While mopping the floors at Luke’s diner night after night, Rory has a lot of time to think about the next phase of her life. She considers asking Logan’s dad for a job, but can’t ignore the fact that his newspapers are closing one by one. Lorelei perkily suggests a master’s in journalism, and Rory pooh-poohs it; would it really put her any further ahead of the now fierce competition? The epic return-to-grad-school/flee real life/panic applications of 2008/2009 has made her ask herself some serious questions about her chosen field of journalism. Maybe Logan’s slimy dad is right. (I’ve personally always thought he nailed it when he assessed Rory). Rory isn’t a shark. Rory doesn’t really like to compete.
Here’s where Rory and I are once again alike. She’s high-achieving, yes, but not Paris. I’ve always had a (slightly less insane) Paris in my life, a best friend who was the top of the class, and needed to be so. The Parises of the world will always be fine, career-wise, but the Rorys? (And maybe the Alixes?) Not so sure. She and I tire of competition quickly and spend time asking, constantly obsessing, what is it all for? Why can’t we just sit in a corner, puff on a cigar and read books all day and occasionally be brilliant and collect a paycheck? Like old, male, college professors of the 1950s?
Rory dreamily mops while reading some Joan Didion, and it occurs to her: she should get an MFA in creative nonfiction instead. Rory is used to pie-in-the-sky schemes and dreams, being the daughter of a woman whose antics fueled seven seasons of an adorable show.
Cue the darling indie song that plays while Rory sits at the counter of the diner late into the night working on a manuscript to send to the most prestigious of writing schools: The Iowa Writer’s Workshop. Rory, being a Gilmore, frets constantly, after slipping her huge envelope into the mailbox, and yet also sort of, kind of, just a little bit, expects to get an acceptance letter. This is the girl who got into both Yale and Harvard. Whose grandparents blow smoke up her ass on a weekly basis, grandparents whose wealth has opened countless doors for her. Why wouldn’t she get in?
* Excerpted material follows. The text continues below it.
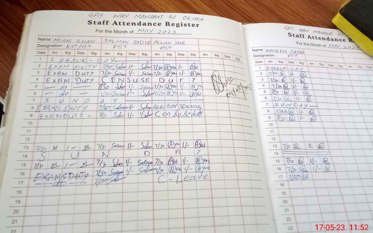 | 35**** | Mi**** Kh**** | Regular | 0 | 6 | 0 | 0 | 0 | 0 | 0 | 0 | 0 | Exam Duty | |
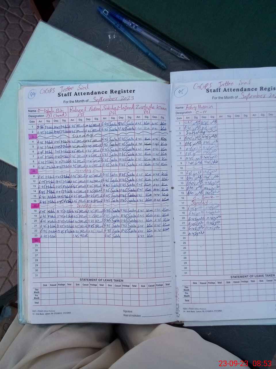 | Monitoring Date: 23-09-2023 | Start Time: 23-09-2023 08:34 AM | End Time: 23-09-2023 08:53 AM | Name of MEA: Kh**** Ah**** | |

Over the next few months, during the picturesque winter in Stars Hollow, Rory serves burgers and banters with Lorelei with gusto, confident that her future (at least for the next few years) has been decided. While Lorelei stands outside on a chilly February morning in an absolutely darling slippers and robe combo, dreamily monologuing about the loveliness of snow, Rory paces the halls in the house, waiting for the mail. It arrives, and the girls pile on the couch with steaming mugs of coffee to open it. Rory’s face falls when she reads:
“We regret to inform you that we will not be admitting you into the Iowa Writer’s Workshop. We received over 900,000 applicants for 25 spots, including some from Nelson Mandela, Jesus, and Condoleezza Rice, and admission was highly competitive.”
And so of course, Rory goes into a funk – Rory was always in adorable funks on the show, with that big porcelain brow of hers all furrowed. Lorelei, that unrelenting optimist, tells her to try again next year. Richard and Emily are disgusted that their child of privilege was not admitted, even after they tried to schmooze the board of the university. Emily goes on a drunken tirade about low-class state schools, and who needs them anyway, and why would anyone want to live in Iowa, that dreadful place, while Richard smiles tightly over his glasses, looking at bills that they cannot pay due to losing at least two thirds of their money in the stock market. He still hasn’t told Emily.
Meanwhile Rory calls Lane to complain about the unfairness of it all, and Lane is simultaneously being puked on by two toddlers with the flu.